▶ [Exercise goal]: Copy all records precisely, apart from the pictures.

(Stored records)

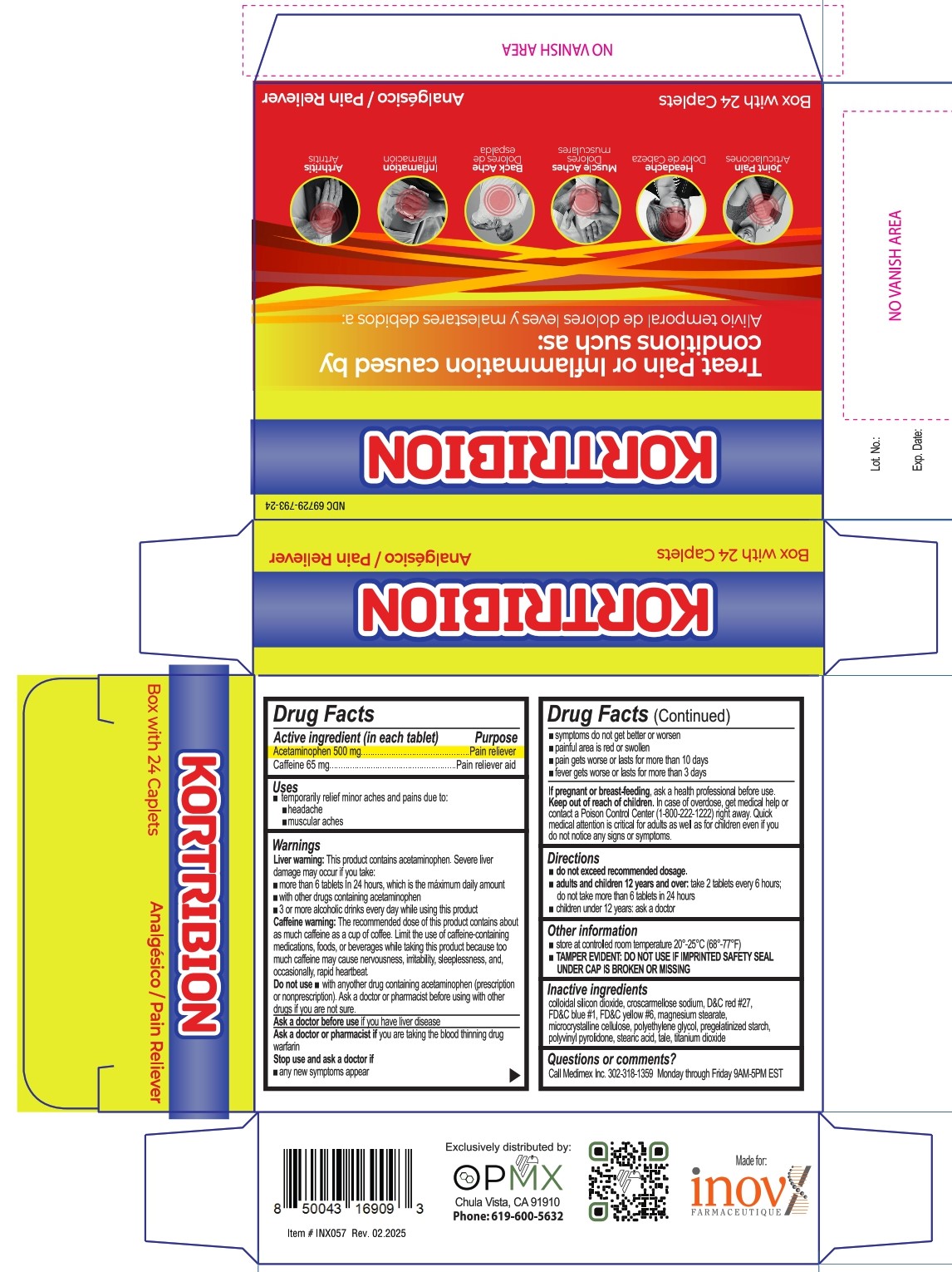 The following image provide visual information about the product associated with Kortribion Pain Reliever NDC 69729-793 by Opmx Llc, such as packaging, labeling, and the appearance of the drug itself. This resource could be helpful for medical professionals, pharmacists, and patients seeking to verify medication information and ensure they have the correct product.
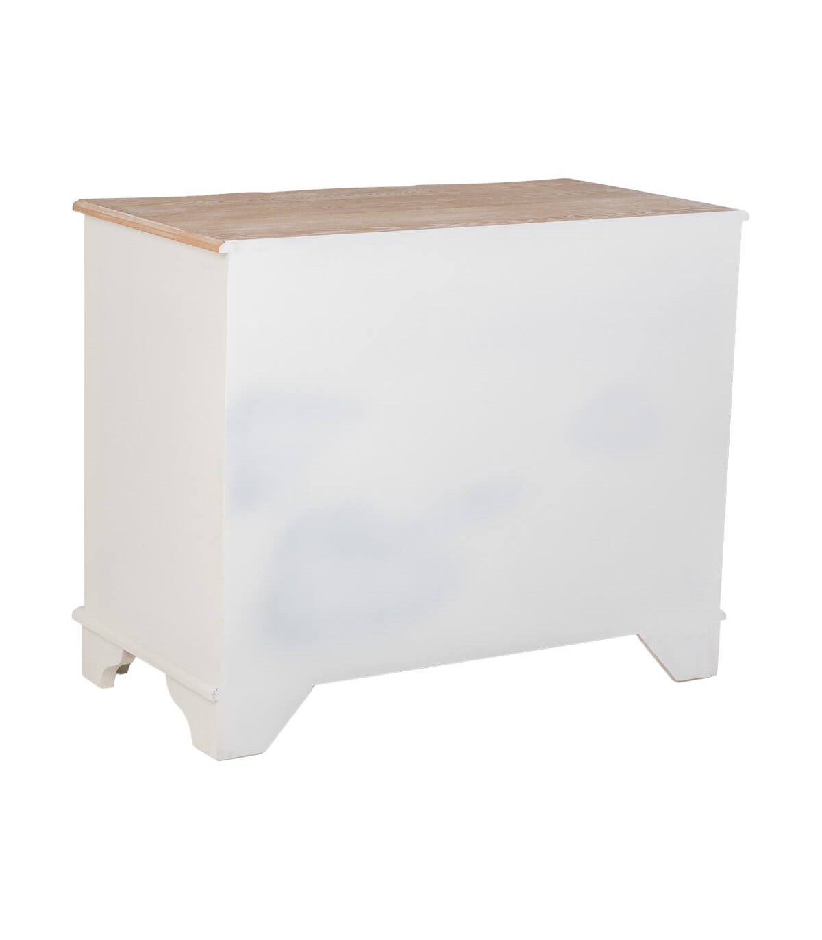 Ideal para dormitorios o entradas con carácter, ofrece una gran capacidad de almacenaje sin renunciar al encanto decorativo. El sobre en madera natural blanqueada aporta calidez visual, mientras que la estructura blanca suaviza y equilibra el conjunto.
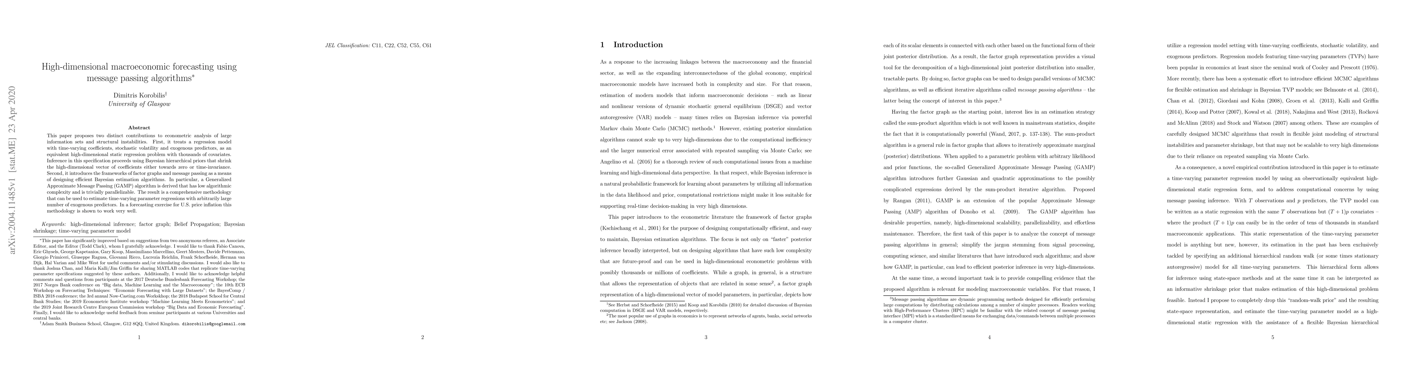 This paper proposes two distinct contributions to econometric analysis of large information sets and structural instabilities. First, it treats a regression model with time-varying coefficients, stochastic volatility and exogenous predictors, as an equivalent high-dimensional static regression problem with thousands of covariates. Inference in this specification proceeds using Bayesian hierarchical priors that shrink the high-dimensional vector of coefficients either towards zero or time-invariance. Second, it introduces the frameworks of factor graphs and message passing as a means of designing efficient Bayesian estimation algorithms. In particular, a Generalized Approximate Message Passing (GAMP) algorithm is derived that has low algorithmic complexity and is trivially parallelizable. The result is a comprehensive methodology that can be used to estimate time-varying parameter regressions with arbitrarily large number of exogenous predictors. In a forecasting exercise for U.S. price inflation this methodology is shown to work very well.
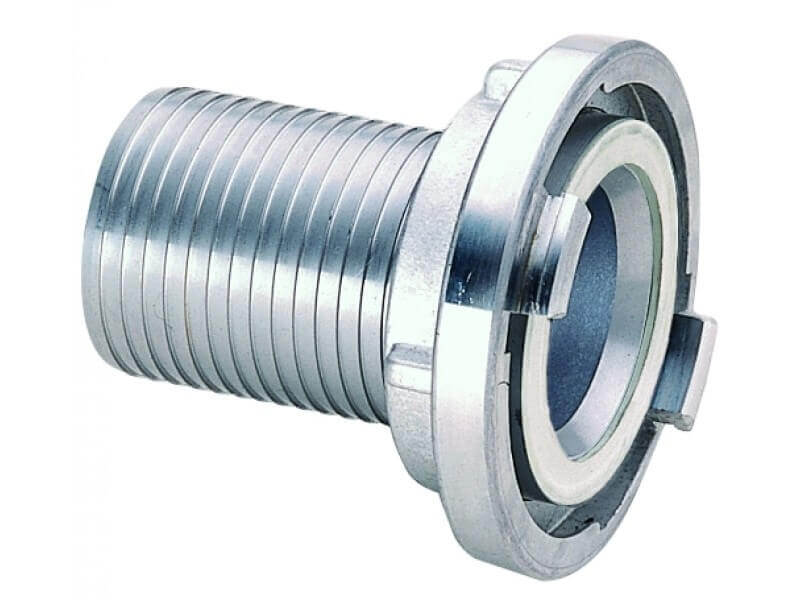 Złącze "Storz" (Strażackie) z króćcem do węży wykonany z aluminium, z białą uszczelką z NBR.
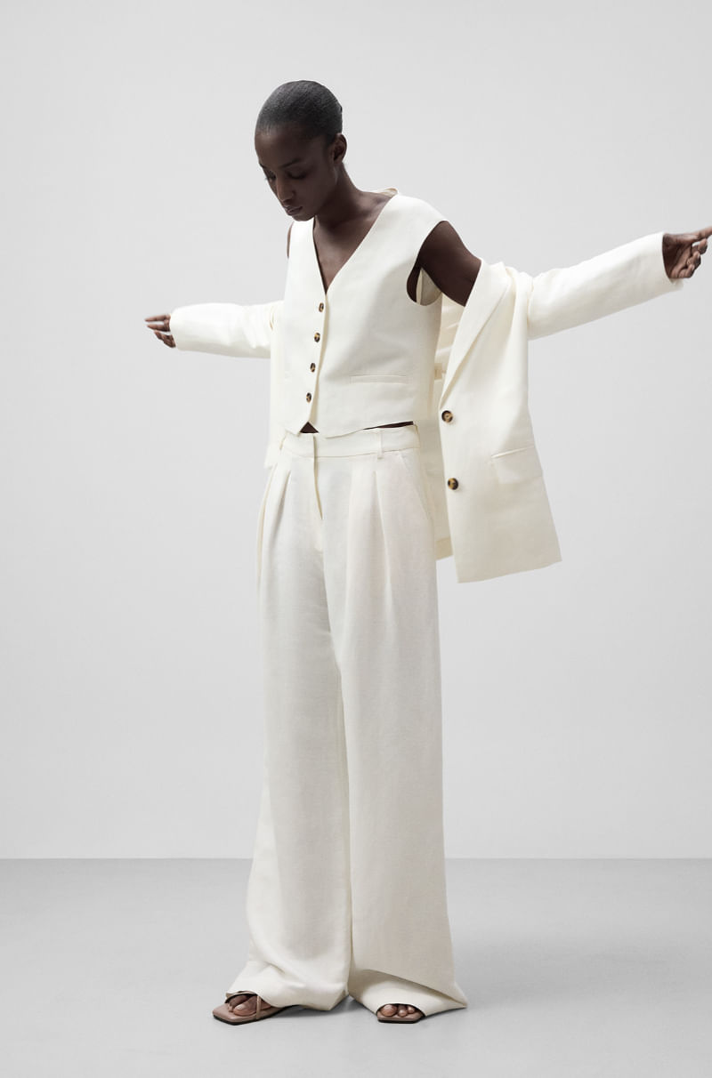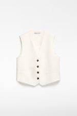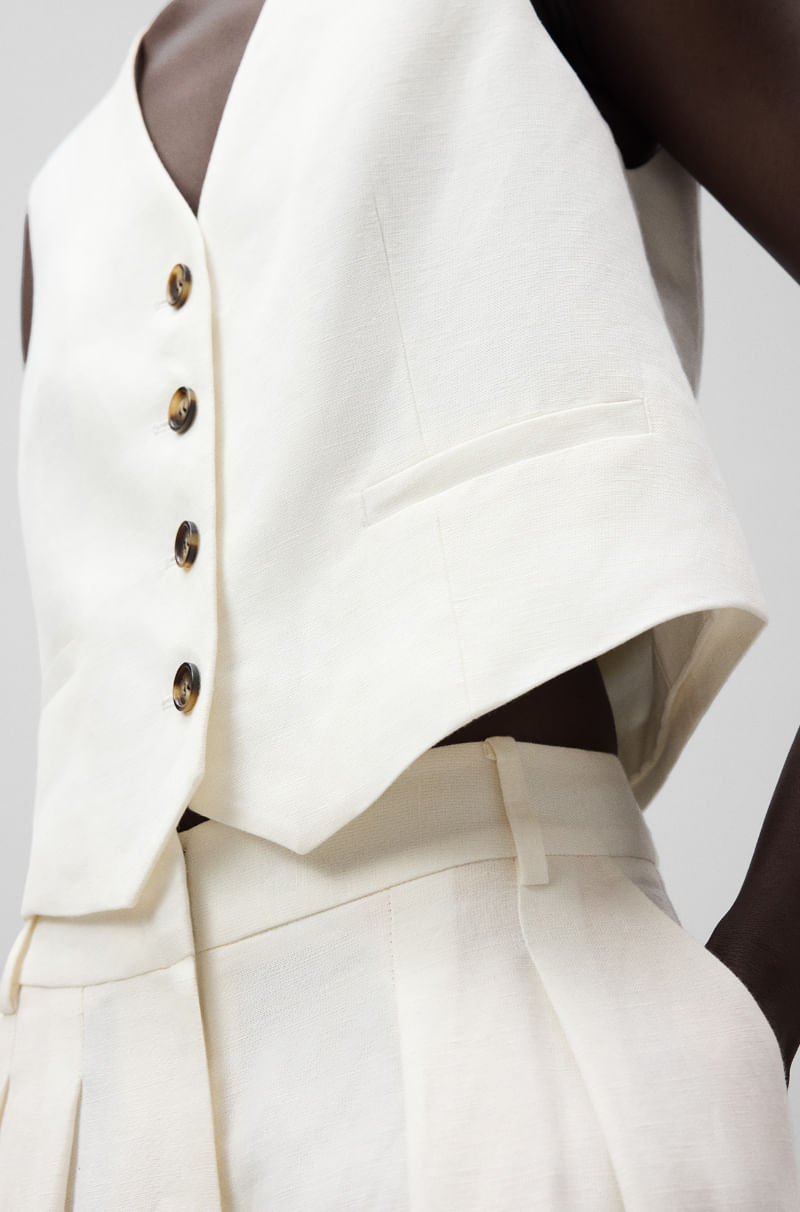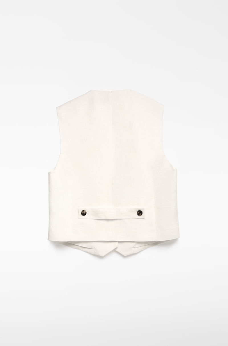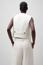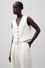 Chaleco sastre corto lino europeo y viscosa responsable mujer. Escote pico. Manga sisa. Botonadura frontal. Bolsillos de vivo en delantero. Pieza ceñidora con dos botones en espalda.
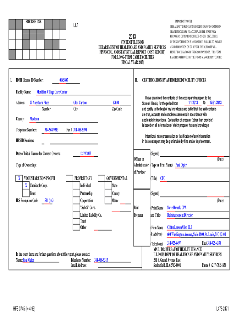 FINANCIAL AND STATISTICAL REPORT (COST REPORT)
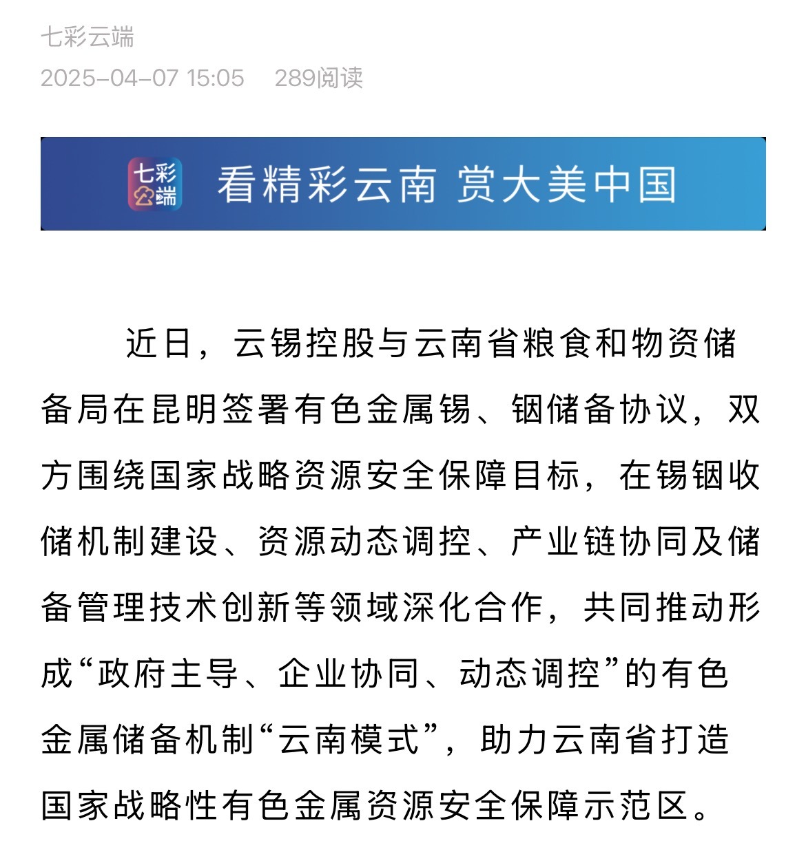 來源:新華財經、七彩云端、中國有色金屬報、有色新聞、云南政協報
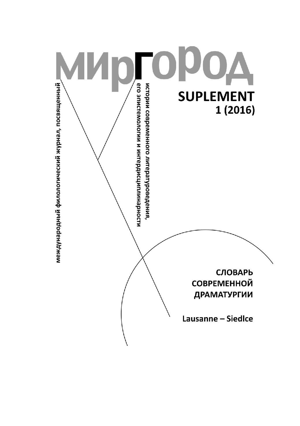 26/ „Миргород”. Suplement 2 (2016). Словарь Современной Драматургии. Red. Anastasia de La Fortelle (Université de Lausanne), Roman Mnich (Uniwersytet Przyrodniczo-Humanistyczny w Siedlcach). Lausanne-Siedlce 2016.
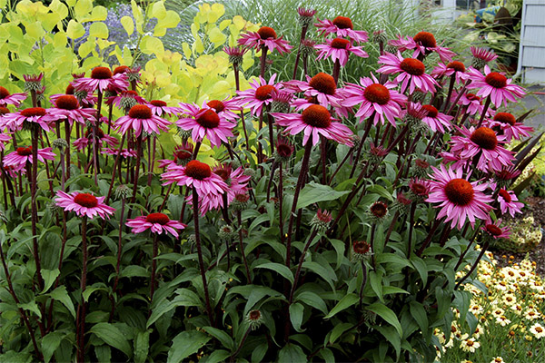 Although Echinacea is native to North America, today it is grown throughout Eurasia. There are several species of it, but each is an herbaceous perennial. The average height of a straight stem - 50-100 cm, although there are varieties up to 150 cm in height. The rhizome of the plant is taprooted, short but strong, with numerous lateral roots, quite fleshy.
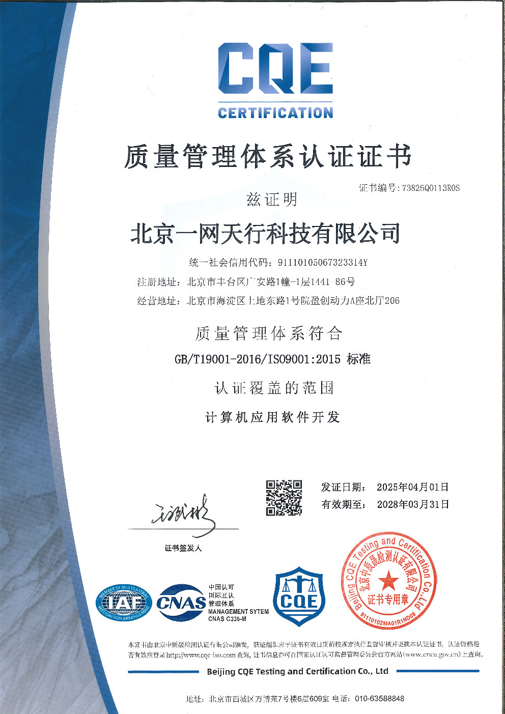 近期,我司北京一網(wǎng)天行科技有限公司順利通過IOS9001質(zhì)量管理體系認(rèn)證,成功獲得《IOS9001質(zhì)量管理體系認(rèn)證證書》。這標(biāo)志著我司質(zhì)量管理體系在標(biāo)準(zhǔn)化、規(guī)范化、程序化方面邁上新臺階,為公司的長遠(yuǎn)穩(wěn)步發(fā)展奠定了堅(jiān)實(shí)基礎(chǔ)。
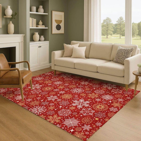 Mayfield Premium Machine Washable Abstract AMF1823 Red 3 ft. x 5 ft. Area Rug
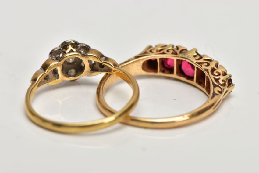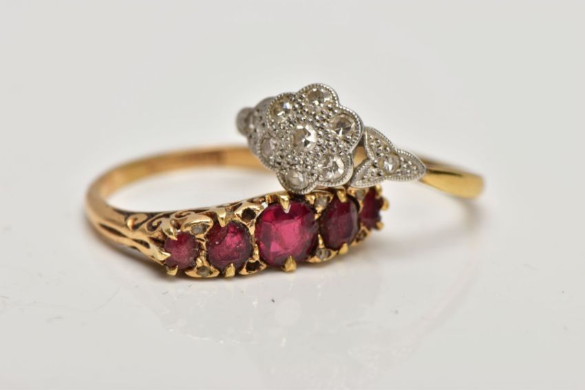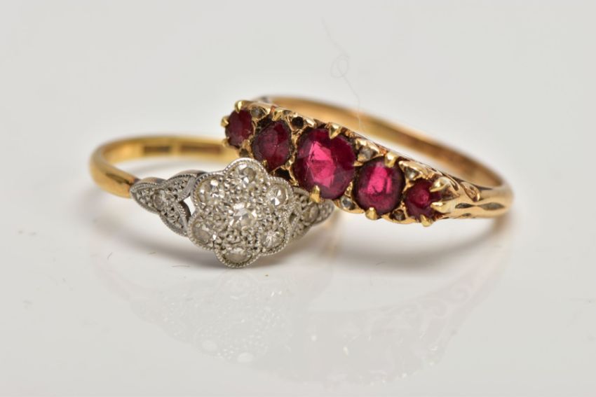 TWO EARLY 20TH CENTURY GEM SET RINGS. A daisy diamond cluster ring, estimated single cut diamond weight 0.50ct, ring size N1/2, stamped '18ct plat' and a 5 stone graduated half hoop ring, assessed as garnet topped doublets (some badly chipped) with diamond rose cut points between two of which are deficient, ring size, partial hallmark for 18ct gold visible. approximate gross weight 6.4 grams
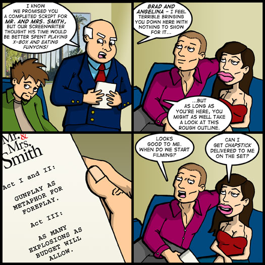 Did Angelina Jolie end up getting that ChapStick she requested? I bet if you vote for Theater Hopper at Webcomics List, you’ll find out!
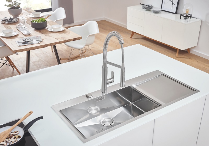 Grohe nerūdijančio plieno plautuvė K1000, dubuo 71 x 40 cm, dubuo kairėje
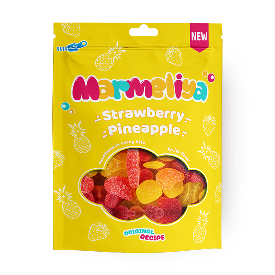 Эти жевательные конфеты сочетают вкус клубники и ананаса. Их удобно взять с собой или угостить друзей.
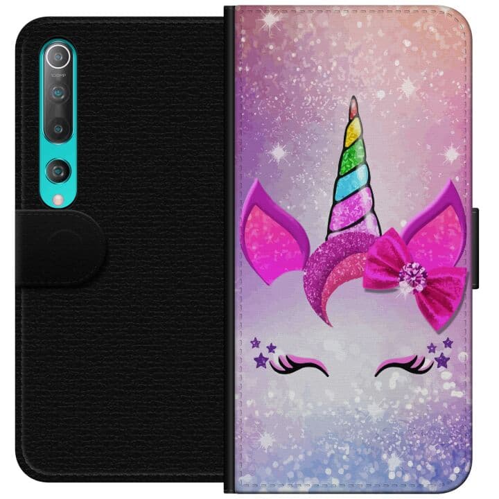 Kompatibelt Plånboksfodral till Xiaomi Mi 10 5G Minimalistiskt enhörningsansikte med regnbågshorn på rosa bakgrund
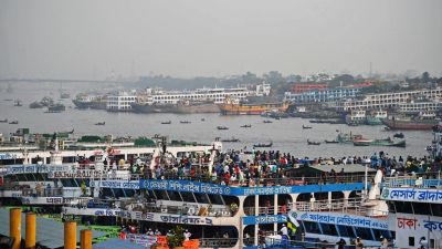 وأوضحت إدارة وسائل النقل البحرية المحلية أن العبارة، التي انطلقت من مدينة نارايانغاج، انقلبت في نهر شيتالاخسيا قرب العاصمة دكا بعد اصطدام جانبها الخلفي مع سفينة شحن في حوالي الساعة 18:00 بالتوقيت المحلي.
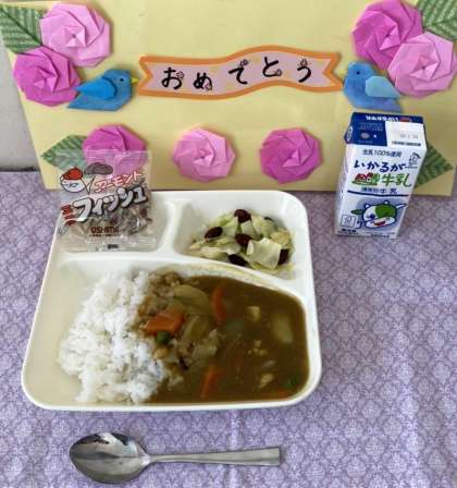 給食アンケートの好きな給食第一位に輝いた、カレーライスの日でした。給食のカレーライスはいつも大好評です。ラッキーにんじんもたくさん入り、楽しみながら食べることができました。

▶ [Answer to the problem]:
 The following image provide visual information about the product associated with Kortribion Pain Reliever NDC 69729-793 by Opmx Llc, such as packaging, labeling, and the appearance of the drug itself. This resource could be helpful for medical professionals, pharmacists, and patients seeking to verify medication information and ensure they have the correct product.
 Ideal para dormitorios o entradas con carácter, ofrece una gran capacidad de almacenaje sin renunciar al encanto decorativo. El sobre en madera natural blanqueada aporta calidez visual, mientras que la estructura blanca suaviza y equilibra el conjunto.
 This paper proposes two distinct contributions to econometric analysis of large information sets and structural instabilities. First, it treats a regression model with time-varying coefficients, stochastic volatility and exogenous predictors, as an equivalent high-dimensional static regression problem with thousands of covariates. Inference in this specification proceeds using Bayesian hierarchical priors that shrink the high-dimensional vector of coefficients either towards zero or time-invariance. Second, it introduces the frameworks of factor graphs and message passing as a means of designing efficient Bayesian estimation algorithms. In particular, a Generalized Approximate Message Passing (GAMP) algorithm is derived that has low algorithmic complexity and is trivially parallelizable. The result is a comprehensive methodology that can be used to estimate time-varying parameter regressions with arbitrarily large number of exogenous predictors. In a forecasting exercise for U.S. price inflation this methodology is shown to work very well.
 Złącze "Storz" (Strażackie) z króćcem do węży wykonany z aluminium, z białą uszczelką z NBR.
 Chaleco sastre corto lino europeo y viscosa responsable mujer. Escote pico. Manga sisa. Botonadura frontal. Bolsillos de vivo en delantero. Pieza ceñidora con dos botones en espalda.
 FINANCIAL AND STATISTICAL REPORT (COST REPORT)
 來源:新華財經、七彩云端、中國有色金屬報、有色新聞、云南政協報
 26/ „Миргород”. Suplement 2 (2016). Словарь Современной Драматургии. Red. Anastasia de La Fortelle (Université de Lausanne), Roman Mnich (Uniwersytet Przyrodniczo-Humanistyczny w Siedlcach). Lausanne-Siedlce 2016.
 Although Echinacea is native to North America, today it is grown throughout Eurasia. There are several species of it, but each is an herbaceous perennial. The average height of a straight stem - 50-100 cm, although there are varieties up to 150 cm in height. The rhizome of the plant is taprooted, short but strong, with numerous lateral roots, quite fleshy.
 近期,我司北京一網(wǎng)天行科技有限公司順利通過IOS9001質(zhì)量管理體系認(rèn)證,成功獲得《IOS9001質(zhì)量管理體系認(rèn)證證書》。這標(biāo)志著我司質(zhì)量管理體系在標(biāo)準(zhǔn)化、規(guī)范化、程序化方面邁上新臺階,為公司的長遠(yuǎn)穩(wěn)步發(fā)展奠定了堅(jiān)實(shí)基礎(chǔ)。
 Mayfield Premium Machine Washable Abstract AMF1823 Red 3 ft. x 5 ft. Area Rug
 TWO EARLY 20TH CENTURY GEM SET RINGS. A daisy diamond cluster ring, estimated single cut diamond weight 0.50ct, ring size N1/2, stamped '18ct plat' and a 5 stone graduated half hoop ring, assessed as garnet topped doublets (some badly chipped) with diamond rose cut points between two of which are deficient, ring size, partial hallmark for 18ct gold visible. approximate gross weight 6.4 grams
 Did Angelina Jolie end up getting that ChapStick she requested? I bet if you vote for Theater Hopper at Webcomics List, you’ll find out!
 Grohe nerūdijančio plieno plautuvė K1000, dubuo 71 x 40 cm, dubuo kairėje
 Эти жевательные конфеты сочетают вкус клубники и ананаса. Их удобно взять с собой или угостить друзей.
 Kompatibelt Plånboksfodral till Xiaomi Mi 10 5G Minimalistiskt enhörningsansikte med regnbågshorn på rosa bakgrund
 وأوضحت إدارة وسائل النقل البحرية المحلية أن العبارة، التي انطلقت من مدينة نارايانغاج، انقلبت في نهر شيتالاخسيا قرب العاصمة دكا بعد اصطدام جانبها الخلفي مع سفينة شحن في حوالي الساعة 18:00 بالتوقيت المحلي.
 給食アンケートの好きな給食第一位に輝いた、カレーライスの日でした。給食のカレーライスはいつも大好評です。ラッキーにんじんもたくさん入り、楽しみながら食べることができました。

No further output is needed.